Ancient Egypt was a land to leave behind precisely because it was such a prosperous and thriving civilization. Or rather, because it achieved its greatness through a mastery of — and a faith in — the natural world. Man needed to break out of Egypt, for all that Egypt offered was the best that man could do through reliance on his own reason. And that is not only not good enough for salvation, but a hindrance to it.

Eternal Aspirations

Salvation begins with the realization that man is not capable of saving himself, not capable of mastering his world, not capable of living forever.

The enormous energies of ancient Egypt were poured into precisely those tasks. If pride was the original sin in Eden, Egypt was sin run amok — not in debauchery, but worse, in delusions of divinity.

The pantheon of Egyptian gods was populated by the forces of nature, which the scholars of ancient Egypt were extraordinarily adept at understanding. But cosmic gods — like river gods and crocodile gods and fertility gods — are not really gods at all, but the names given to phenomena that are subject to man's knowledge and even manipulation. They were not so much gods as they were testaments to the Egyptians’ own knowledge.

“Non in dialectica complacuit Deo salvum facere populum suum,” said St. Ambrose: Not by the ways of logic did it please God to save his people. Not by the ways of ancient Egypt would God save his people, where men achieved scientific and engineering feats that even today defy explanation, but by the ways of the ragtag farmers and shepherds whom the Egyptians kept for slaves.

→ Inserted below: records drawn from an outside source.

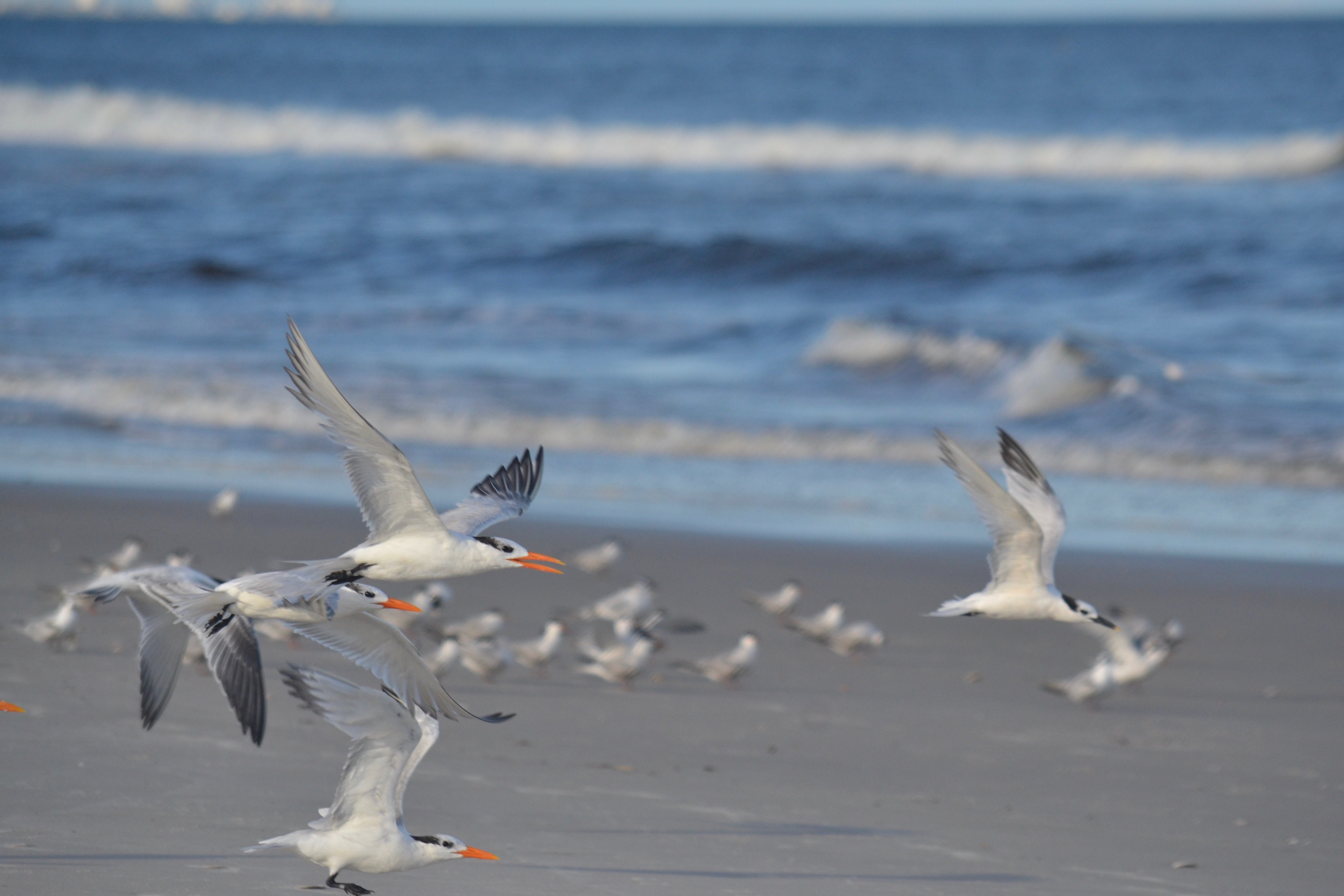 Royal and Cabot's Terns take flight at Pleasure Island, North Carolina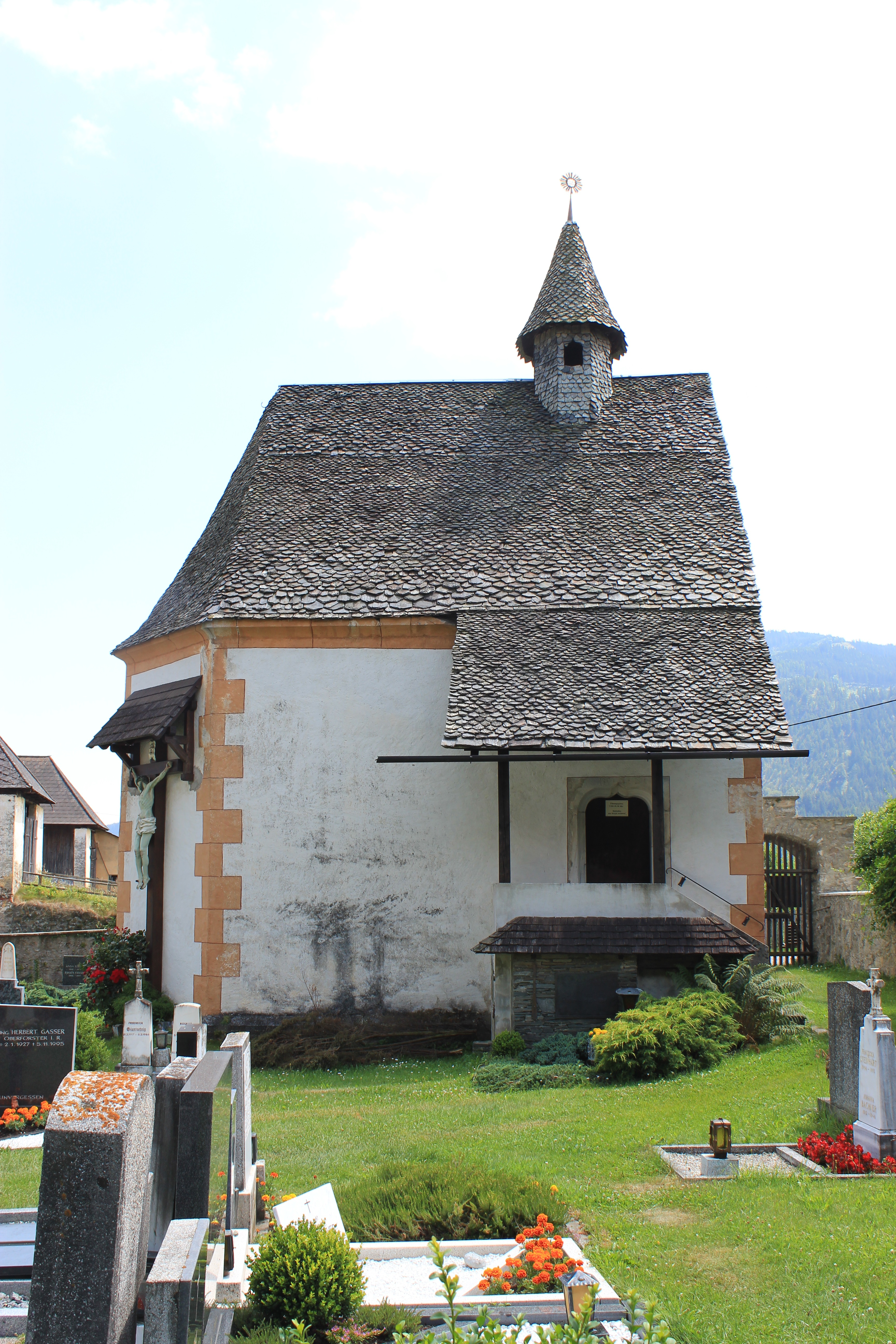 Sankt Stefan in community of Friesach - Charnel house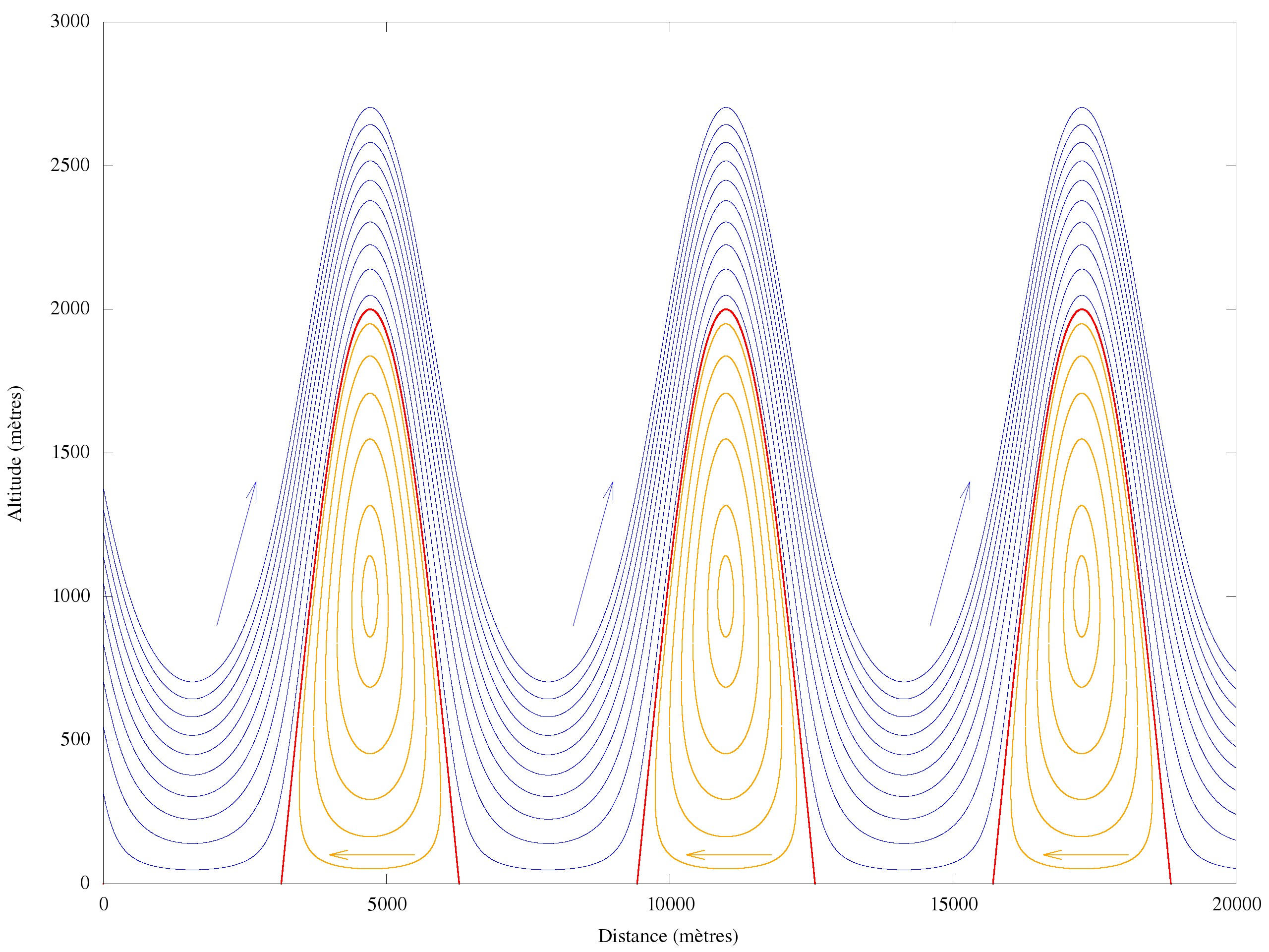 Stream lines in a wave system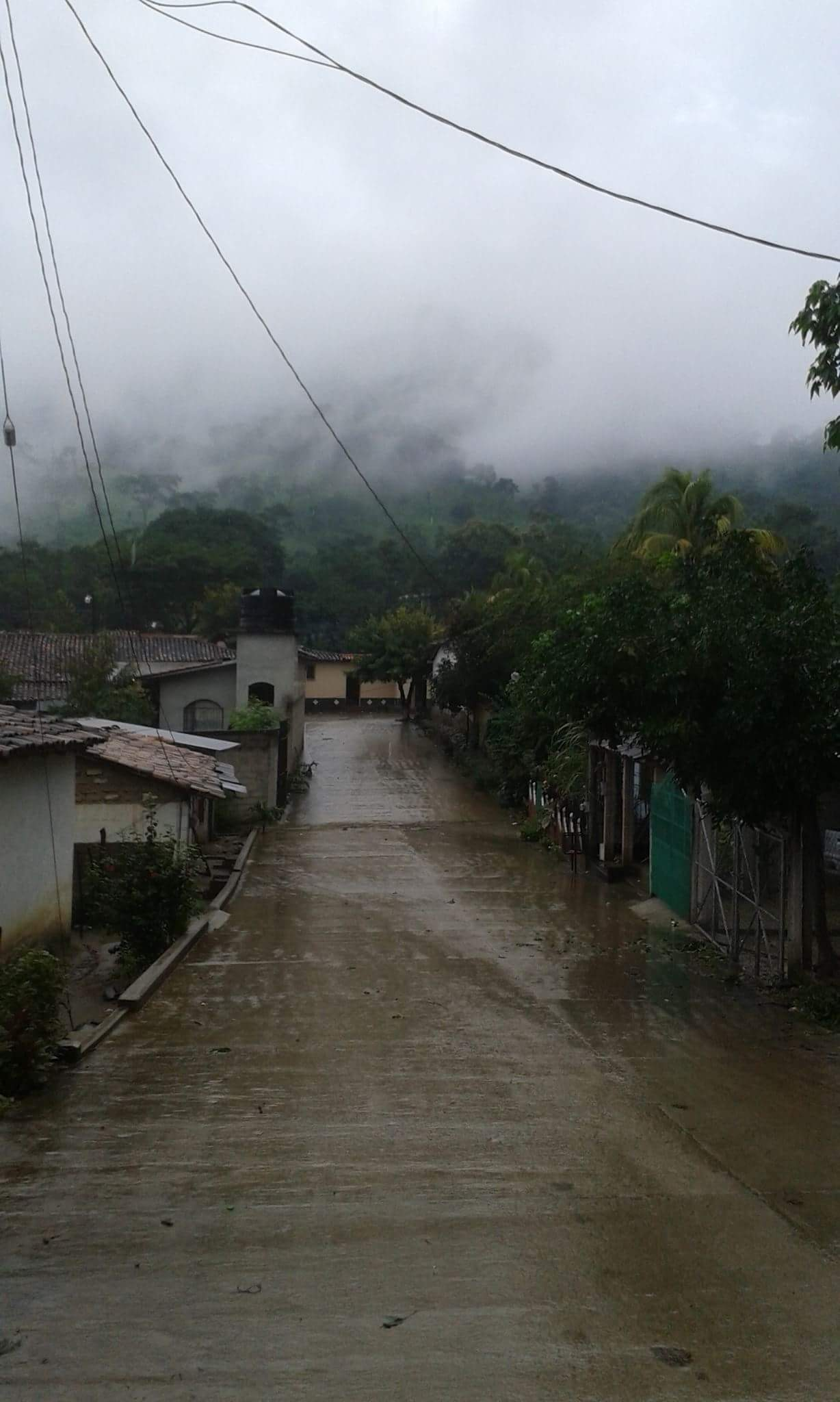 Calle cerca del parque de Virginia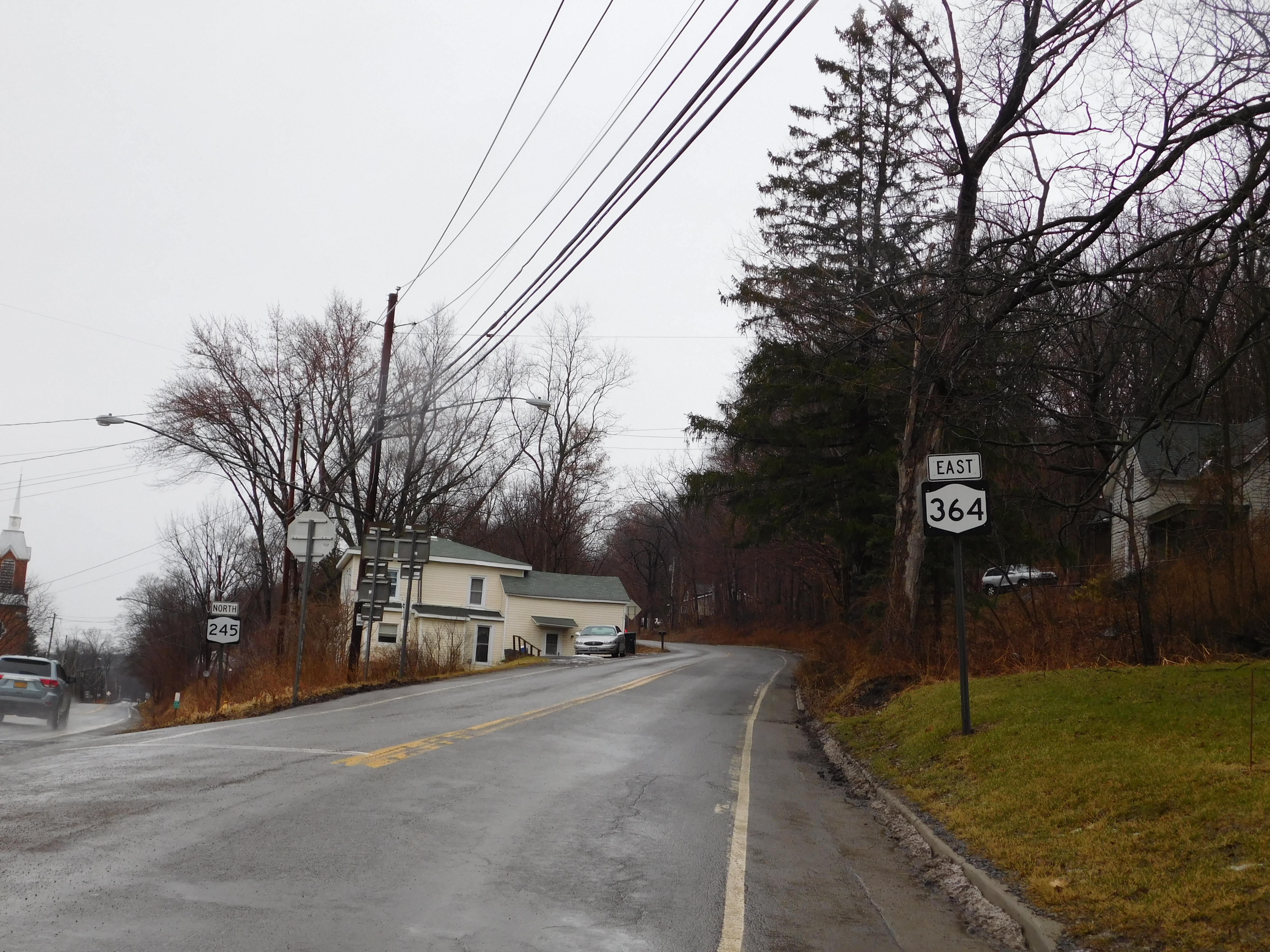 New York State Route 364 at the split from New York State Route 245 in Middlesex, New York.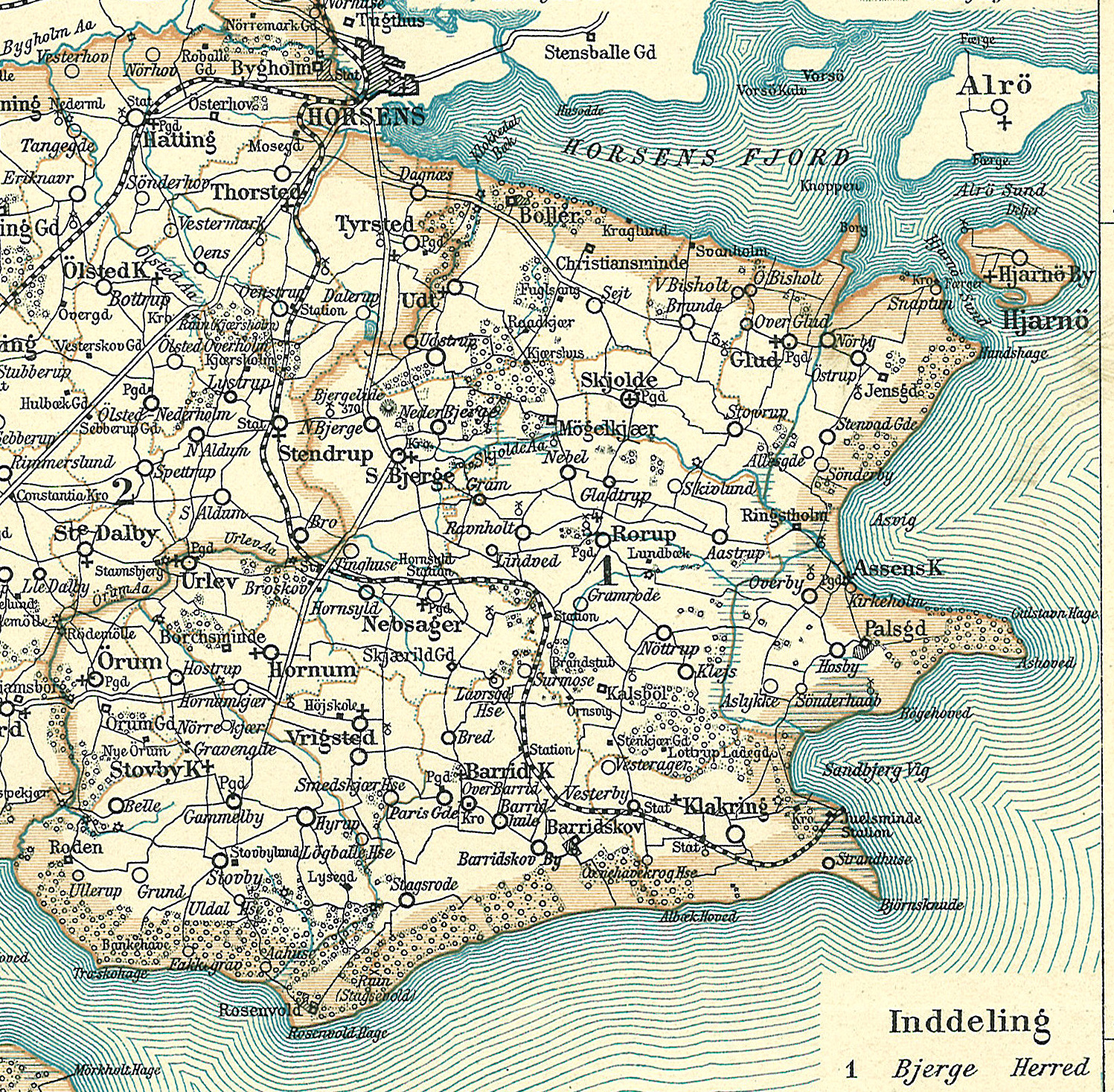 Map of Bjerre Herred in Vejle County in Denmark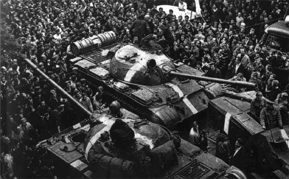 Crowd of protesters surrounding Soviet tanks during the first days of the invasion.

Salvation that comes by way of the empty tomb begins with the realization that, by himself, the best man can aspire to is being buried in a fancy tomb.

Ancient Egypt represents the best man can do on his own, under gods of his own creation, to save himself. And because it was the best attempt, it needed to be drowned in the Red Sea, as a warning to all those who would seek salvation through man's self-assertion. Israel is the people saved for no other reason than God's having chosen to save them (Deuteronomy 7:7).

The polemic against Egypt is a warning against the ultimate emptiness of all that man does without God.

Christians look at Easter to a different kind of emptiness: The emptiness of the tomb that testifies that there is another way, a way that depends only on allowing oneself to be chosen. Man chose for himself in Eden and ended up building tombs in Egypt.

The folly of the pharaohs was to build tombs as eternal homes. The empty tombin the garden is God's definitive word that a tomb is no place for man to live.

Raymond de Souza is the Register's Rome correspondent.